The patient had observed some prominence on the ulnar side of her right wrist since childhood but had never experienced any pain or functional disability. There was neither history of trauma, inflammatory disease, diabetes mellitus, or infection, nor positive family history of similar wrist deformity.
The physical examination showed a dorsally subluxated distal radioulnar joint, prominent ulnar styloid, and mild ulnar and volar deviation of the wrist along with limitation of wrist dorsiflexion. Complete loss of active extension of the 3 ulnar fingers was demonstrated, while neurovascular status and all other hand evaluations were normal. The wrist radiographs confirmed the typical findings of Madelung deformity (Figure 1).
Repair of the ruptured tendons and resection of the prominent distal ulna (Darrach procedure) was planned. (Given the patient’s age and evidence of degenerative changes in the radiocarpal joint, correction of the Madelung deformity did not seem necessary). At time of surgery, the recently ruptured third finger extensor tendon was easily found and approximated, and end-to-end repair was performed. The fourth and fifth fingers, however, had to be fished out more proximally from dense granulation tissue. After the distal ulna was resected for a distance of 1.5 cm, meticulous repair of the ulnar collateral ligament and the capsule and periosteum over the end of the ulna was performed. Then, for grafting of the ruptured tendons, the extensor indicis proprius tendon was isolated and transected at the second metacarpophalangeal joint level. A piece of this tendon was used as interpositional graft for the fourth extensor tendon, and the main tendon unit was transferred to the fifth finger extensor. The extensor digiti quinti tendon, which was about to rupture, was further reinforced by suturing it side to side to the muscle and tendon of the extensor indicis proprius (Figure 2).
Postoperatively, the wrist was kept in extension in a cast for 3 weeks while the fingers were free for active movement. A removable wrist splint was used for an additional month. At 3-month follow-up, the patient had regained full and strong finger extension and wrist motion.
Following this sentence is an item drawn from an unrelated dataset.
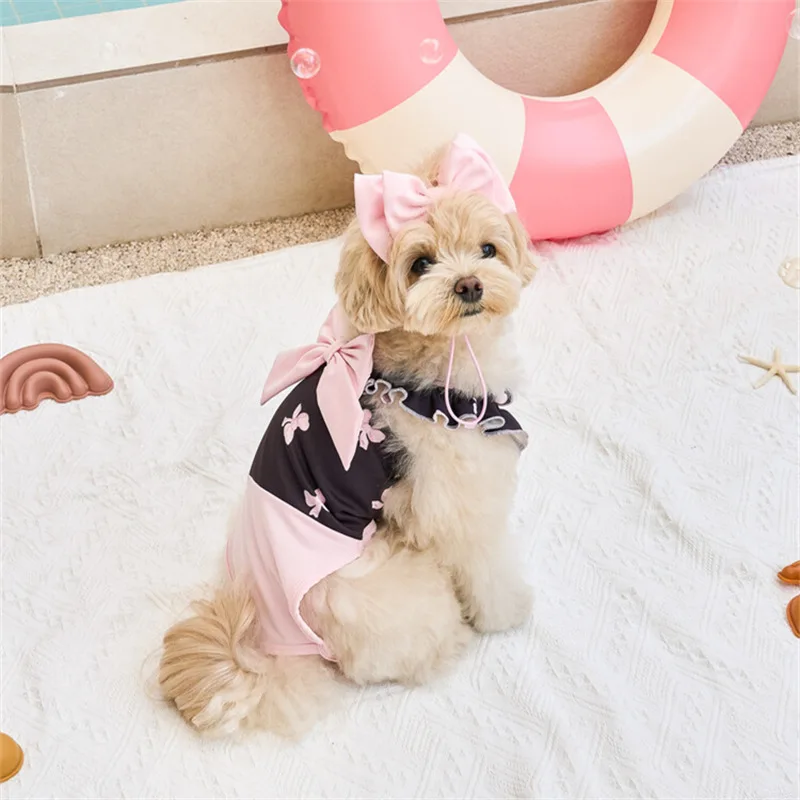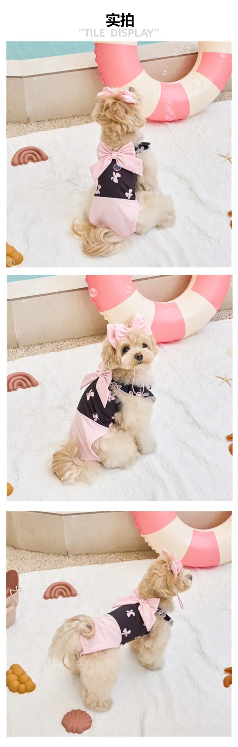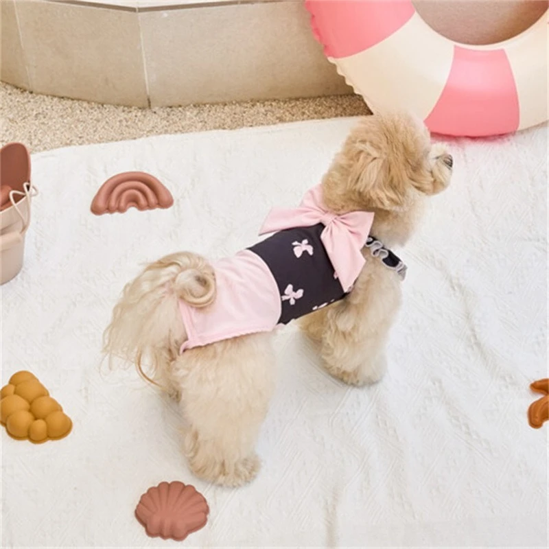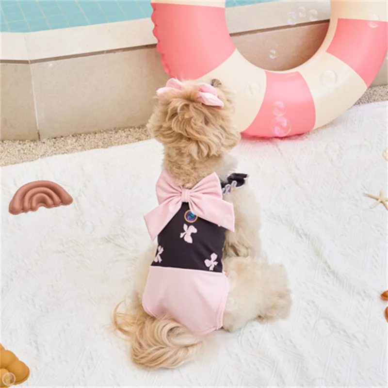 Traje de baño con estampado de lazo para primavera/verano para mascotas, mono con tirantes, traje de baño de dos piernas para gatos, Top para perros de peluche, ropa para cachorros pequeños

At 3-year follow-up, the patient was pain-free, and had full extension of all fingers, full forearm rotation, and near-normal motion (better than her preoperative motion). The grip power on the operated right hand was 215 N, and pinch power was 93 N. (The values for the left side were 254 N and 83 N, respectively, using the Jamar hydraulic hand dynamometer [Patterson Medical].) The patient has had no additional tendon rupture (Figure 3).
Discussion
Madelung deformity was first described by Madelung in 1878 and several cases have reported this deformity. However, extensor tendon rupture caused by Madelung deformity is very rare, reported in few cases.1
Extensor tendon rupture caused by chronic Madelung deformity has been reported few times in the English literature. Goodwin1 apparently published the first report of such an occurrence in 1979. Ducloyer and colleagues2 from France reported 6 cases of extensor tendon rupture as a result of inferior distal radioulnar joint deformity of Madelung. Jebson and colleagues3 reported bilateral spontaneous extensor tendon ruptures in Madelung deformity in 1992.
The mechanism of tendon rupture seems to be mechanical, resulting from continuous rubbing and erosion of tendons over the deformed ulnar head, which has a rough irregular surface4 and leads to fraying of the tendons and eventual rupture and retraction of the severed tendon ends. This rupture usually progresses stepwise from more medial to the lateral tendons.2 Older patients are, therefore, subject to chronic repetitive attritional trauma leading to tendon rupture.
Tendons may rupture as a result of a variety of conditions, such as chronic synovitis in rheumatoid arthritis, systemic lupus erythematosus, mixed connective tissue disease, or crystal deposition in gout.5-8 Some other metabolic or endocrine conditions that involve tendon ruptures include diabetes mellitus, chronic renal failure, and hyperparathyroidism. Steroid injection into the tendons also has a detrimental effect on tendon integrity and may cause tendon tear.9 Mechanical factors, such as erosion on bony prominences, are well-known etiologies for tendon rupture, as commonly seen in rheumatoid arthritis, and have been reported in Kienböck disease,10 thumb carpometacarpal arthritis,11 Colles fracture, scaphoid fracture nonunion,12 and Madelung deformity.
Conclusion
Our case reflects the usual middle-aged female presentation of such a tendon rupture. The tendon ruptures were spontaneous in the reported order of ulnar to radial, beginning with the little and ring fingers, and progressed radially. The patient had isolated Madelung deformity with no other sign of dyschondrosteosis13 or dwarfism, conditions commonly mentioned in association with Madelung deformity. This case report should raise awareness about possible tendon rupture in any chronic case of Madelung deformity.
1. Goodwin DR, Michels CH, Weissman SL. Spontaneous rupture of extensor tendons in Madelung’s deformity. Hand. 1979;11(1):72-75.
2. Ducloyer P, Leclercq C, Lisfrance R, Saffar P. Spontaneous rupture of the extensor tendons of the fingers in Madelung’s deformity. J Hand Surg Br. 1991;16(3):329-333.
3. Jebson PJ, Blair WF. Bilateral spontaneous extensor tendon ruptures in Madelung’s deformity. J Hand Surg Am. 1992;17(2):277-280.
4. Schulstad I. Madelung’s deformity with extensor tendon rupture. Case report. Scand J Plast Reconstr Surg. 1971;5(2):153-155.
5. Gong HS, Lee JO, Baek GH, et al. Extensor tendon rupture in rheumatoid arthritis: a survey of patients between 2005 and 2010 at five Korean hospitals. Hand Surg. 2012;17(1):43-47.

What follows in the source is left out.